Record amount set for federal dollars on firearms reimbursement

Jeffs Blog
(Photo courtesy of Jeff Frischkorn)

Activated by record sales of firearms and ammunition, the U.S. Fish and Wildlife Service is reporting that another record has been set: $1.5 billion for disbursement to states and U.S. territories in grant money for fish and wildlife programs as well as such other items as shooting ranges and hunter education.

This $1.5 billion for Fiscal Year 2022 is nearly $500 million more than was dispersed in Fiscal Year 2021, which itself was some $121 million more than was distributed in Fiscal Year 2020.

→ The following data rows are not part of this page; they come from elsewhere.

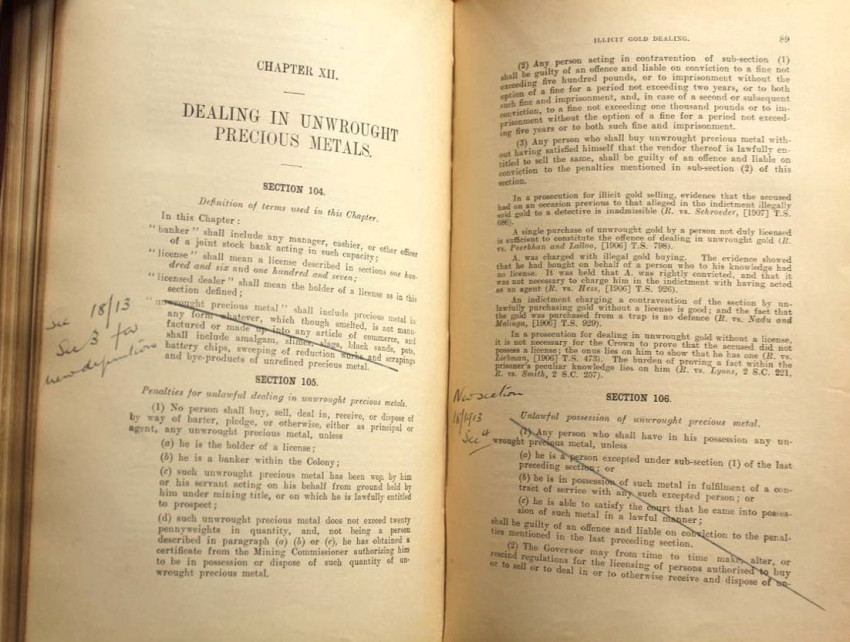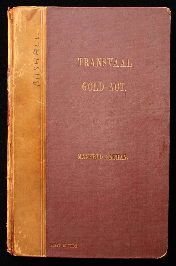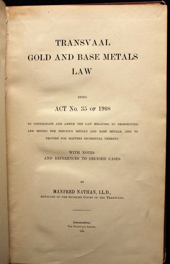 'Transvaal Gold and Base Metals Law, being Act No. 35 of 1908, to consolidate and amend the law relating to prospecting and mining for precious metals and base metals, and to provide for matters incidental thereto, with notes and references to decided cases by Manfred Nathan, LL.D., Advocate of the Supreme Court of the Transvaal.'
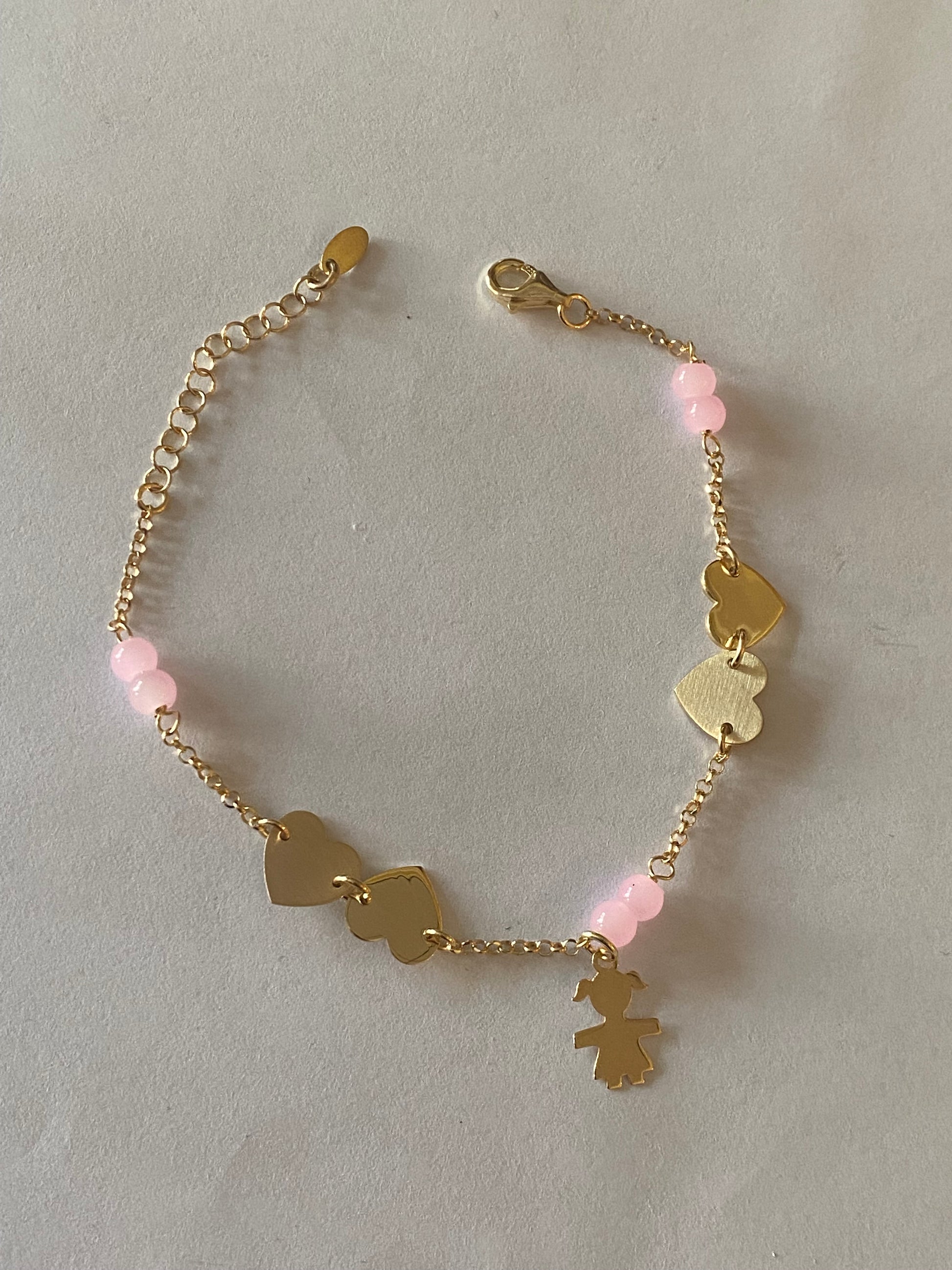Bracciale in Argento 925 galvanica Oro giallo con cuoricini, ciondolo pendente Bimba e pietre rosa.
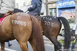 - ^ "VIDEO. A cheval ou en poney, ils défilent dans Paris contre la hausse de la TVA" [VIDEO. On horseback or on pony, they march in Paris against the increase in VAT]. Franceinfo (in French). November 24, 2013. Retrieved February 19, 2025.
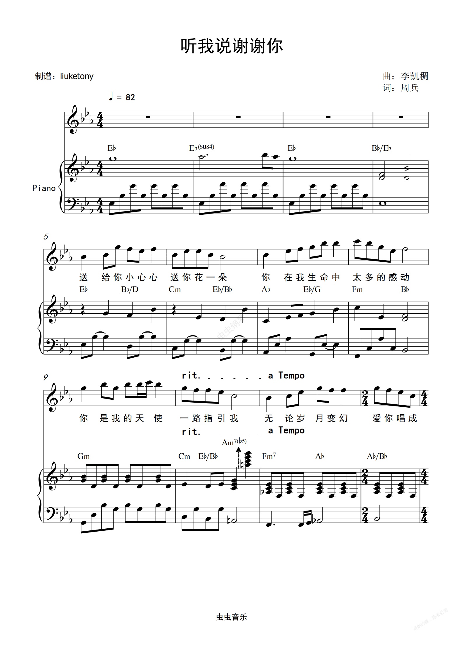 钢琴谱:听我说谢谢你 - 钢琴伴奏版 原调
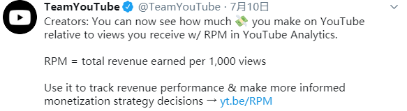 “RPM是你在YouTube上赚钱速度的快照,”谷歌支持页面上的一篇新博客写道。“无论RPM是上升还是下降,它都能很好地表明你的收入策略中哪些事情是有效的,哪些是无效的。”
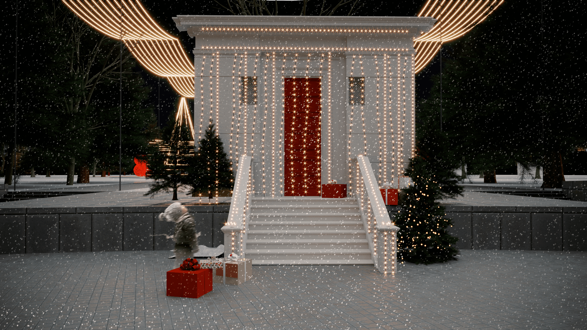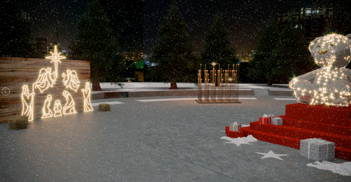 Позаду драматичного театру розмістять символ 2021 року - металевого бика з підсвіткою, виконаного у сучасному стилі. А в центрі музичного фонтану буде величезний ведмедик, оточений подарунками.
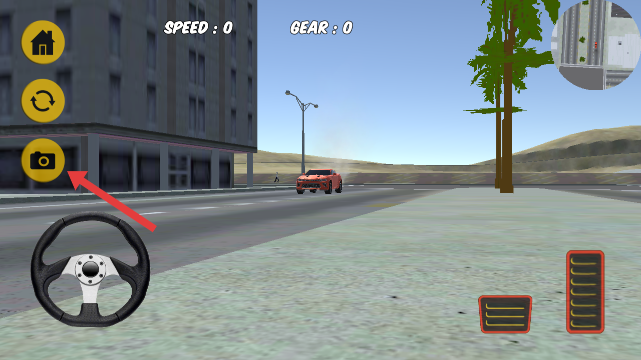 1、在游戏的初始界面需要驾驶操作,可以点击左侧相机的图标来进行切换驾驶的视角。
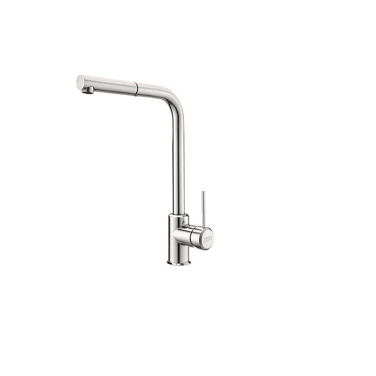850272 - Mitigeur évier Sinus plus 850272 Franke avec bec haut à douchette monojet extractible. Douchette en laiton. Rotation du bec sur 360°. Embase Ø 50 / perçage Ø 35 mm. Système de fixation avec corps fileté. Finition chromée. Hauteur 344 mm. - Type de produit : Mitigeur. Couleur : chromé. Le + produit : Douchette en laiton. Dimensions : H = 34,4 cm. Poids net : 4 Kg.
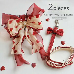 お散歩が楽しくなるリード付き2点セット! ペット用品 ペットグッズ リード 犬用 猫用 リード&ハーネス セット 超小型犬 子犬 お散歩 胸ストラップ 首輪 お出掛け ペットリード リボン ハート■ ...
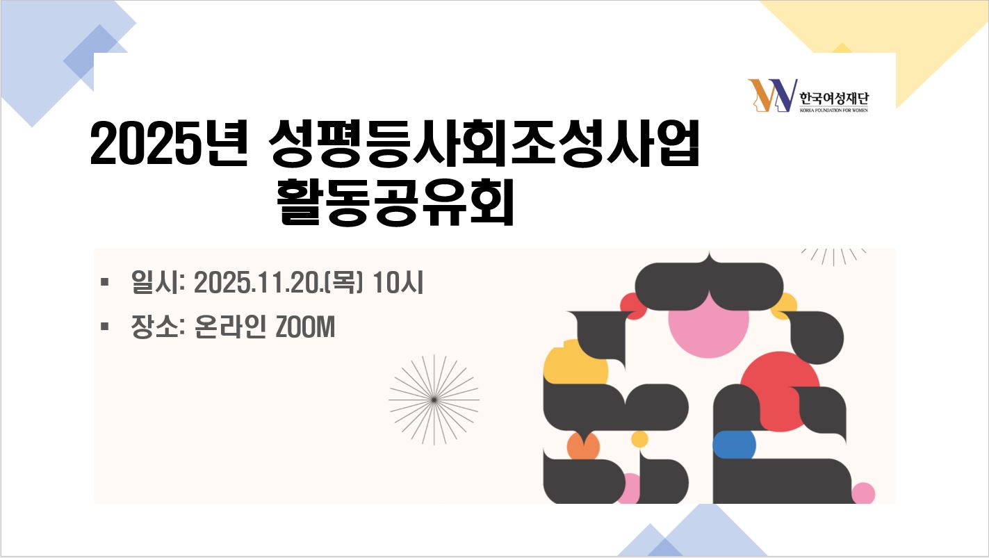 2025년 11월 20일에 개최된 성평등사회조성사업 활동공유회는 한 해 동안 각자의 자리에서 묵묵히 성평등을 위해 힘써온 9개 단체의 이야기가 모이면서 더 따뜻하고 단단한 시간이 되었습니다.
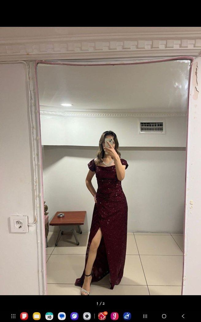 V yaka ve yırtmaçlı, bordo renkli, dar kesim. S 36 beden ile uyumludur, arkasından pens atılmıştır. fotoğrafta 46 kilo 160 boy ile giyilmiştir.

Ohio will be a beneficiary of the excise tax-based largesse, too.

The program exists via taxes levied on firearms, ammunition, and some archery tackle under the banner commonly referred to by its Congressional origin: the Pittman-Roberson Act for hunting/shooting-related items.

For fishing-associated projects, money comes from the Dingell-Johnson/Wallop-Breaux funds, and supported by excise taxes on fishing tackle and a portion of the federal gasoline tax.

Collectively, the two entities are known as the Wildlife and Sport Fish Restoration Program.

Monies are distributed through grants for approved project reimbursement, and are based on the number of either hunting or fishing license sold in a state as well as the state’s size.

The Fiscal Year 2022 final apportionment for Wildlife Restoration Fund totals nearly $1.12 billion. That figure is markedly more than the rounded-off $678.89 million awarded in Fiscal 2021, and considerably more than the $601.83 million presented in Fiscal 2020.

However and interestingly, the Fiscal Year 2022 total outlay for Sport Fish Restoration is actually down from that awarded in Fiscal Year 2021: $399.66 million verses $414.26 million.

In Fiscal Year 2020, the figure was $369.73 million.

Ohio’s share of the Fiscal Year 2022 Restoration Aid pot includes $7.86 million for Sport Fish Restoration initiatives and $21.92 million for Wildlife Restoration initiatives. In Fiscal 2021, those figures were $8.14 million and $13.51 million, respectively.

Just for some comparison for Fiscal Year 2022, Texas will collected $19.98 million for Sport Fish Restoration and another $51.09 million in Wildlife Restoration funds.

At the opposite end, in Fiscal 2022, several U.S. territories will each get $1.86 million in Wildlife Restoration aid money (the District of Columbia will get none), and $1.33 million in Fish Restoration money, including for Washington D.C.